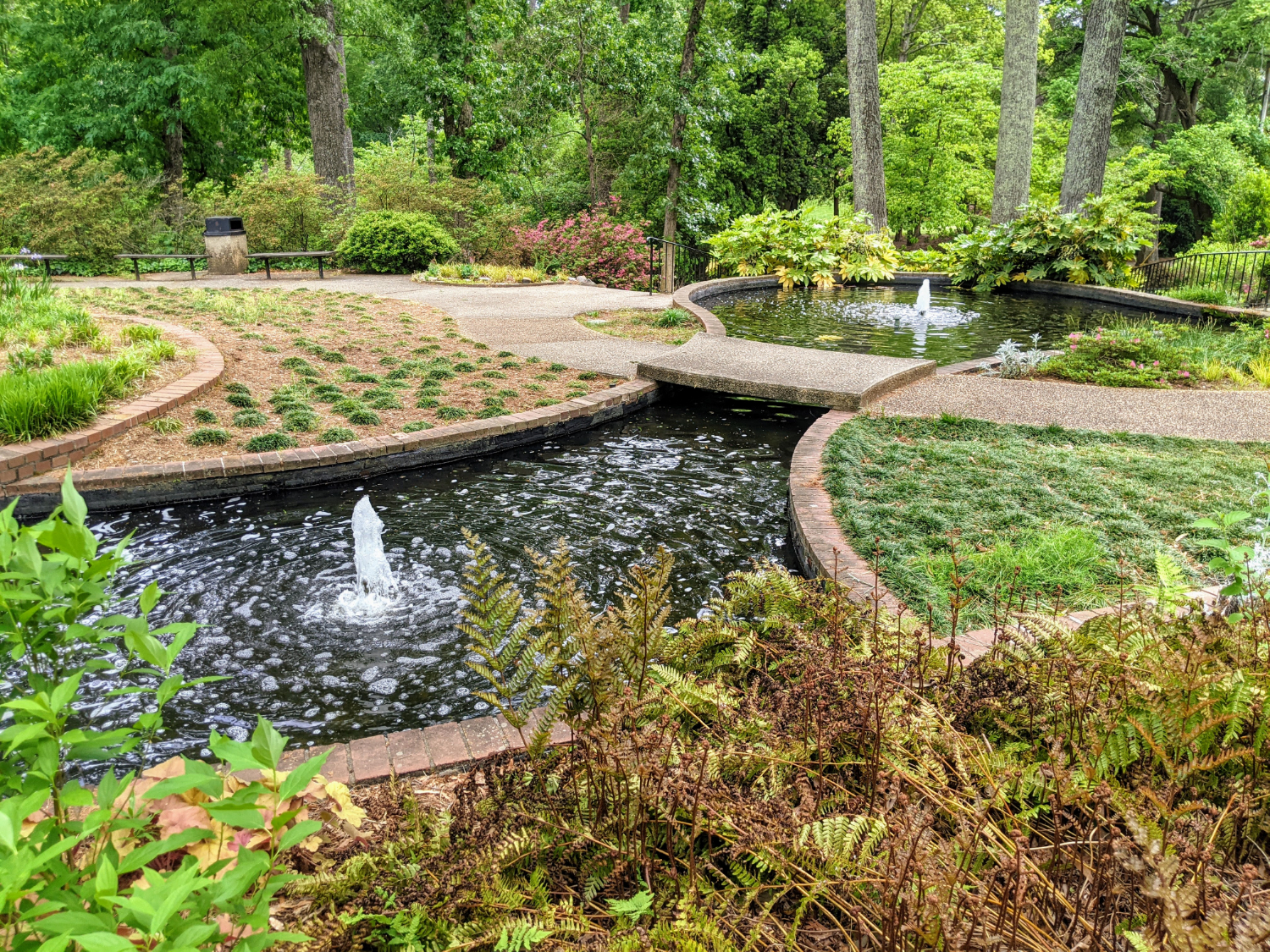Driving around Rock Hill after visiting the Glencairn Garden, it struck me as very Epcot-esque. As in, Disney’s Epcot down in Florida! First of all, there is a large dancing fountain in the center of town just like the Fountain of Nations. It has a “show” – shooting high with different jets in a varied program. It even has that pop when a solid jet of water hits the pool below. (You Disney fans know what I’m talking about!)
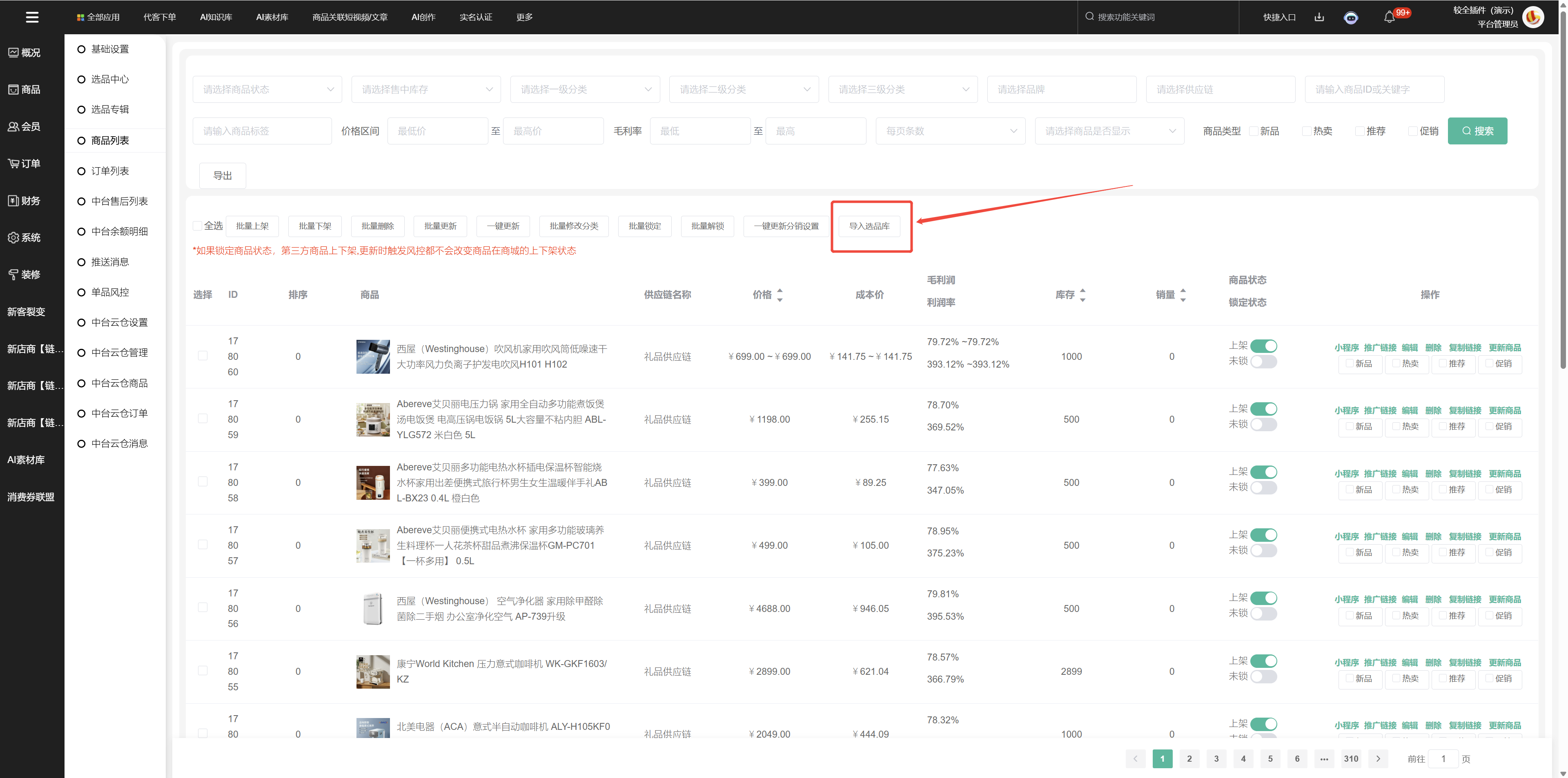 在礼品供应链平台选品加入选品库后,可通过商城供应链–商品列表,一键导入选品库商品;
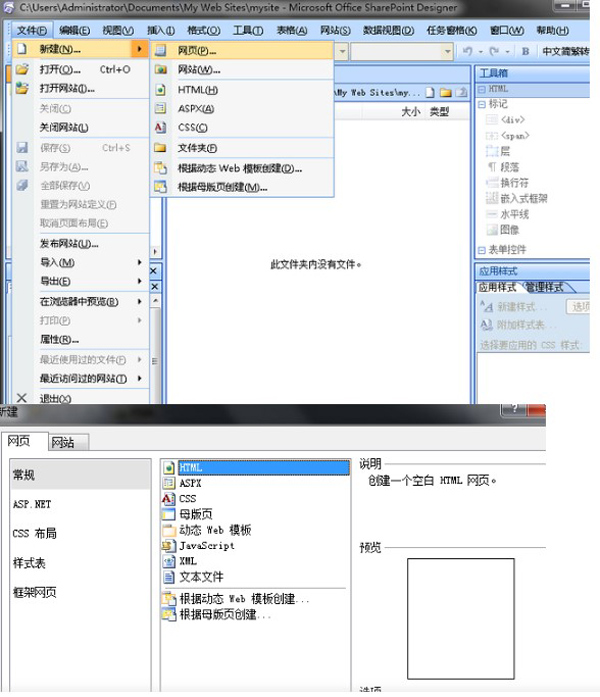 2.点击菜单栏的文档选择项,点击弹出来选择中的新创建,点击二级菜单中的网页。依据新网页的需要挑选您要的文件格式;
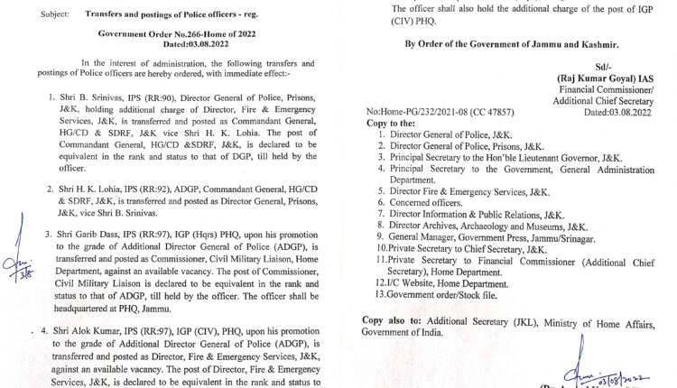 The Jammu and Kashmir Government on Wednesday ordered a minor reshuffle in police department J&K / Ladakh By Editor Last updated Aug 3, 2022 185 Share 185 Share
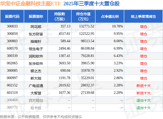从基金范畴来看,华宝中证金融科技主题ETF基金2025年三季度公布的基金范畴为123.19亿元,较上一期范畴57.31亿元变化了65.88亿元,环比变化了114.95%。该基金最新一期钞票成立为:股票占净值比99.52%,无债券类钞票,现款占净值比0.63%。从基金抓仓来看,该基金当季前十大股票仓位达55.64%,第一大重仓股为同花顺(300033),抓仓占比为10.78%。
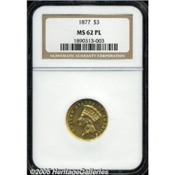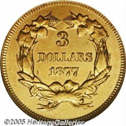 <B>1877 $3 MS62 Prooflike PCGS.</B></I> It is a curious phenomenon that the 1877 is one of the least appreciated issues in this series, and at the same time is an issue with an original mintage of only 1,468 business strikes. Perhaps this is because of the absolute rarity of all Three Dollar gold pieces, or perhaps it is because there are so many low mintages in the series. Whatever the case, this is a worthwhile issue for the specialist to pursue and this is certainly a pleasing coin. The fields retain most of the original full prooflike reflectivity that all specimens of this date are known for. Striking definition is less than complete, however, especially on the reverse. Some small marks and pronounced scuffiness in the fields combine to limit the assigned grade. Population: 1 in 62, 1 finer (2/05).
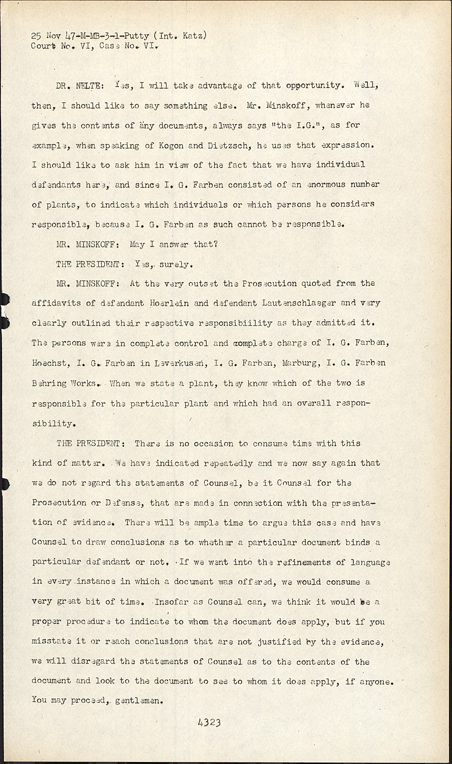 DR. NELTE:Yes, I will take advantage of that opportunity. Well, then, I should like to say something else. Mr. Minskoff, whenever he gives the contents of any documents, always says "the I.G.", as for example, when speaking of Kogon and Dietzsch, he uses that expression. I should like to ask him in view of the fact that we have individual defendants here, and since I. G. Farben consisted of an enormous number of plants, to indicate which individuals or which persons he considers responsible, because I. G. Farben as such cannot be responsible.

——————————

**Problem details**
Keep to the lines above from the line with "The Jammu and" to the line with "<B>1877 $3 MS62", and set down exactly those, inclusive, with nothing else and every picture left out.

**Solution for this exercise**
 The Jammu and Kashmir Government on Wednesday ordered a minor reshuffle in police department J&K / Ladakh By Editor Last updated Aug 3, 2022 185 Share 185 Share
从基金范畴来看,华宝中证金融科技主题ETF基金2025年三季度公布的基金范畴为123.19亿元,较上一期范畴57.31亿元变化了65.88亿元,环比变化了114.95%。该基金最新一期钞票成立为:股票占净值比99.52%,无债券类钞票,现款占净值比0.63%。从基金抓仓来看,该基金当季前十大股票仓位达55.64%,第一大重仓股为同花顺(300033),抓仓占比为10.78%。
 <B>1877 $3 MS62 Prooflike PCGS.</B></I> It is a curious phenomenon that the 1877 is one of the least appreciated issues in this series, and at the same time is an issue with an original mintage of only 1,468 business strikes. Perhaps this is because of the absolute rarity of all Three Dollar gold pieces, or perhaps it is because there are so many low mintages in the series. Whatever the case, this is a worthwhile issue for the specialist to pursue and this is certainly a pleasing coin. The fields retain most of the original full prooflike reflectivity that all specimens of this date are known for. Striking definition is less than complete, however, especially on the reverse. Some small marks and pronounced scuffiness in the fields combine to limit the assigned grade. Population: 1 in 62, 1 finer (2/05).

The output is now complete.